282 (Петров) - страница 4

Я страшно испугался.

– Смотри, не про тебя ли тут говорят? – спросил отец, показывая на экран телевизора.

«Я не прочувствовал его вины. То есть, я не понял, что он прочувствовал свою вину. Нет внутренних переживаний. Это непросто подверженность какой-то стихии – это образ жизни, это мышление, из этого могут выйти серьезные вещи, это может превратиться в экстремизм. Это вопрос правоохранительных органов»…

«Он имеет право писать, что угодно, а мы имеем право отвечать, как угодно…»

«Такие, как эта мразь, и есть причина того, что Россия…»

Бог мой. Отец послушал и пошел за корвалолом, и потом, когда он лежал на диване с серым лицом, а врач скорой уехал, сделав укол, мы с мамой сидели рядом, а папа недоуменно говорил:

– Ты действительно написал то, о чем они говорят? Публично?

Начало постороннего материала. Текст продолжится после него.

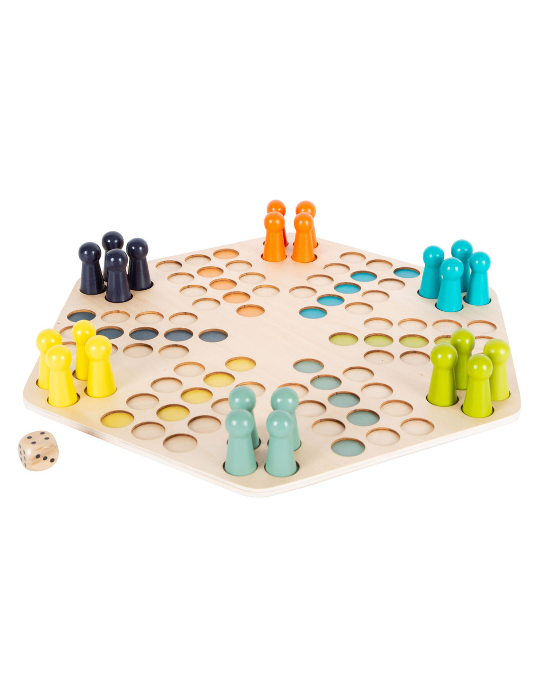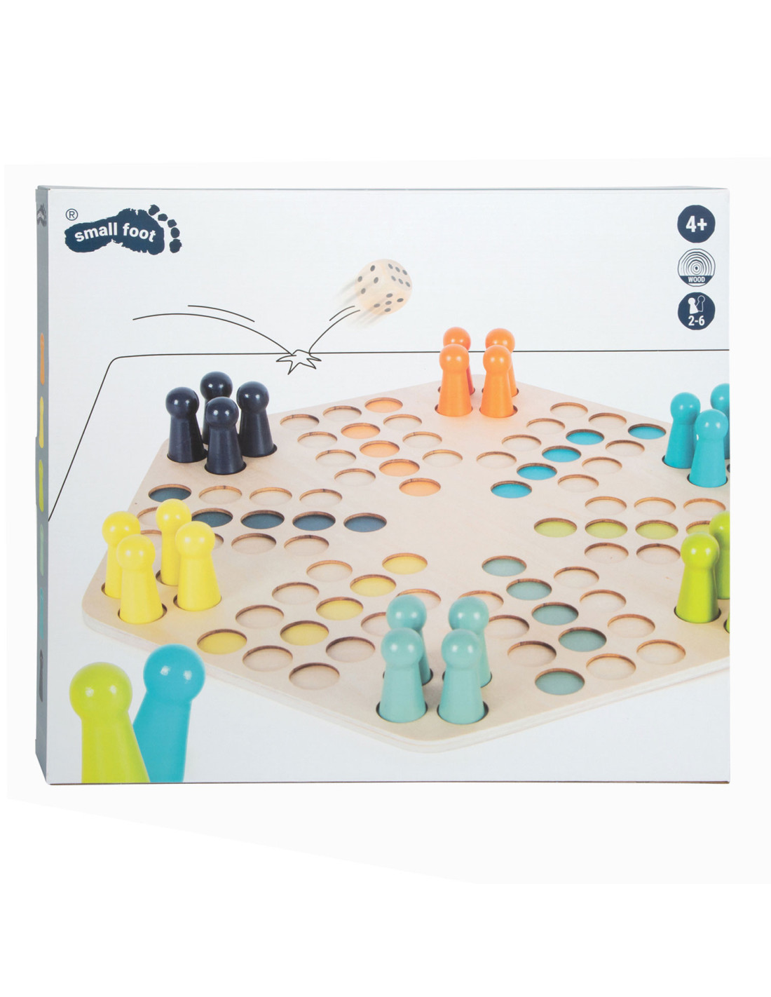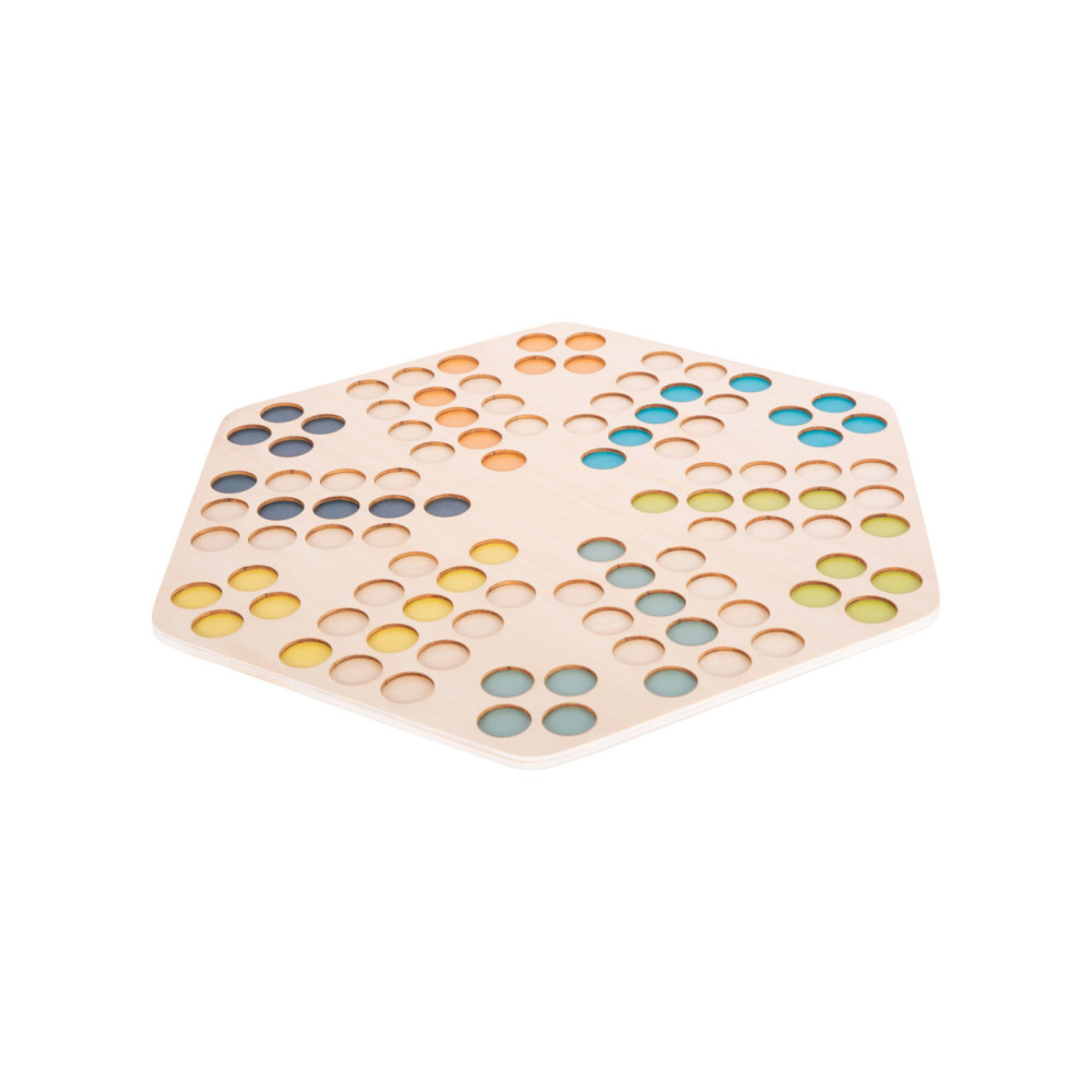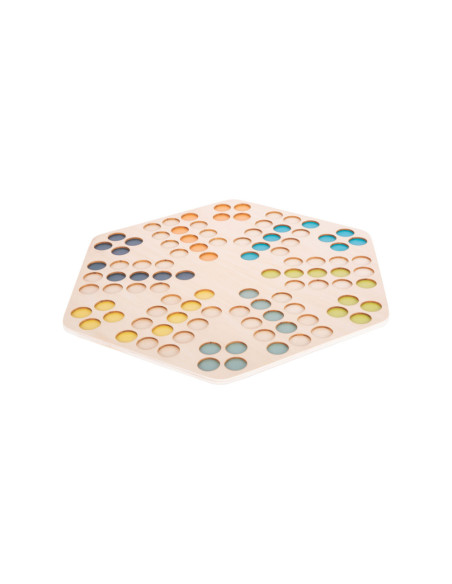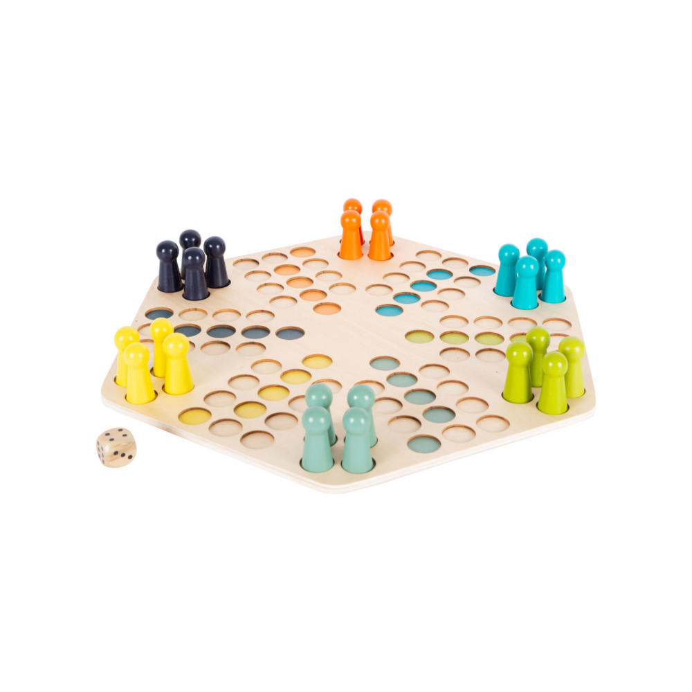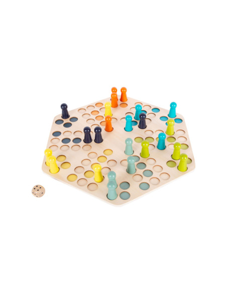 Een klassiek gezelschapsspel voor zes spelers! Dit houten spel van Ludo maakt indruk met zijn XXL-formaat en extra grote speelstukken. Precies wat je nodig hebt voor kleine of onstabiele handen!
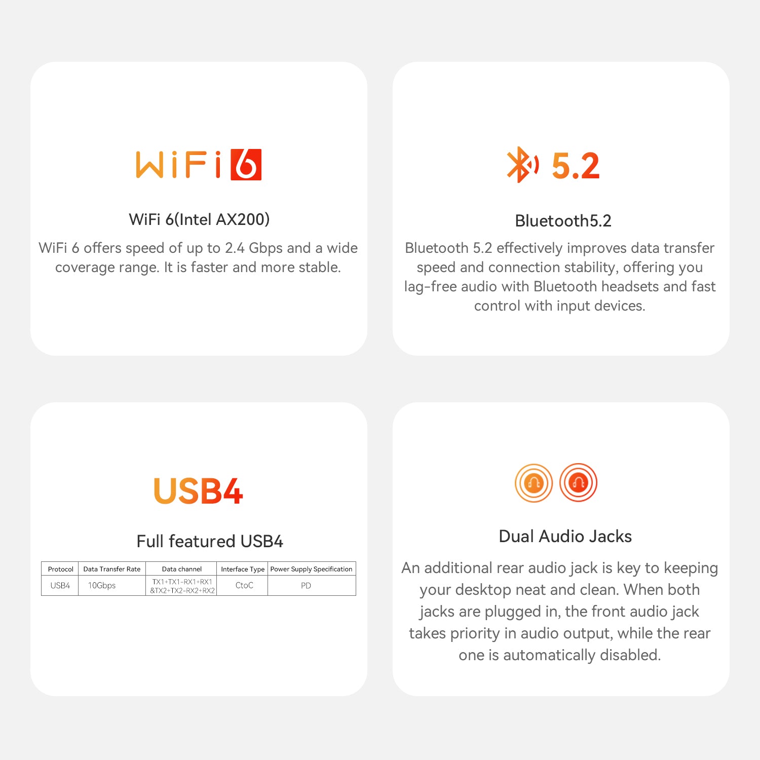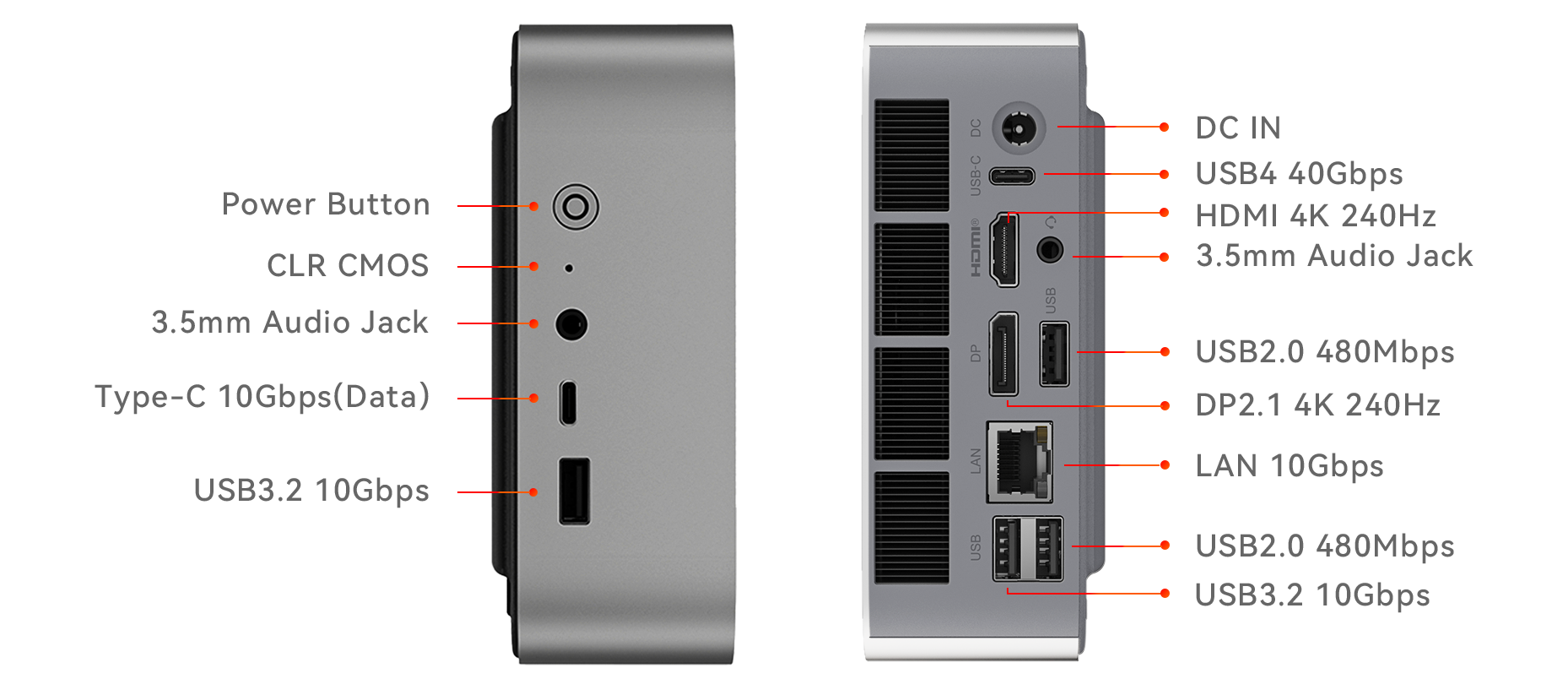 DP1.4(4K 240Hz)*1+HDMI(4K 240Hz)*1+ USB4 (40Gbps/TBT3/PD/DP1.4)*1
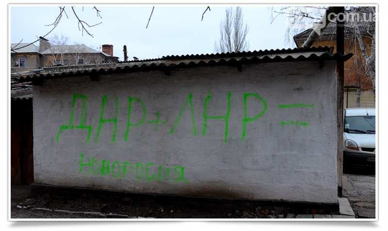В Славянске тоже как умеют борются: «(7 февраля) утром жители нескольких домов по улице Льва Толстого увидели, что стены их домов изуродованы надписями сепаратистского толка.

Ты сошел с ума, сын!

– Я не писал такого, отец! – возражал я. – Я просто мнение о футболе высказал.

– Но просто так люди не станут возмущаться, – тихонько проговорила мама. – Что-то приметили нехорошее в твоей записи… Люди – мудрые. Люди не ошибаются… К ним надо прислушиваться…

– Старик, это называется – общественное мнение, – разглагольствовал старый друг, сдувая с бокала пива толстыми губами пену. – У нас сетуют – мол, общество инертно. Ни фига – вот оно, общество! Ты, конечно, дурак. Решил кузькину мать показать? Ну и момент ты выбрал! Когда наши выиграли, в кои-то веки, когда мы, наконец-то, получили реальный повод для гордости и радости, ты вдруг решил набросить говнеца на вентилятор. А что ты тогда удивляешься, что тебя забрызгало? Сам виноват. Думать надо. Особенно надо думать, когда пишешь в Фейсбуке…

– А что же мне делать? – спросил я беспомощно. – Я никакой матери показывать не хотел, ни кузькиной, ни …

– Каяться, – уверенно сказал он. – Коли так вышло – каяться. Иначе заклюют.

Я заплатил за его пиво и написал три поста с извинениями – загомонили еще круче. Как меня ненавидели! Многие написали, что теперь, после того, что я сделал, кончена дружба (да что я сделал-то?). Негодяй, говорили люди. Предатель. Другие оценили мои извинения как пораженчество, конформизм, слабость.

– Ты жалок, – жалили они, и жалили больно.

В понедельник меня вызвал директор.

– Нам жаль, очень жаль, – сказал он. – Вы прекрасный работник, мы ценим вас, но положение безвыходное. Вы же напишете «по собственному желанию»? Мы не можем позволить вам остаться – ущерб имиджу фирмы слишком велик. В соцсетях возникла массовая кампания по бойкоту нашей продукции. Я узнал, что готовятся возбудить в вашем отношении дело…

Шеф с любопытством глядел на меня и в затруднении щипал бородку.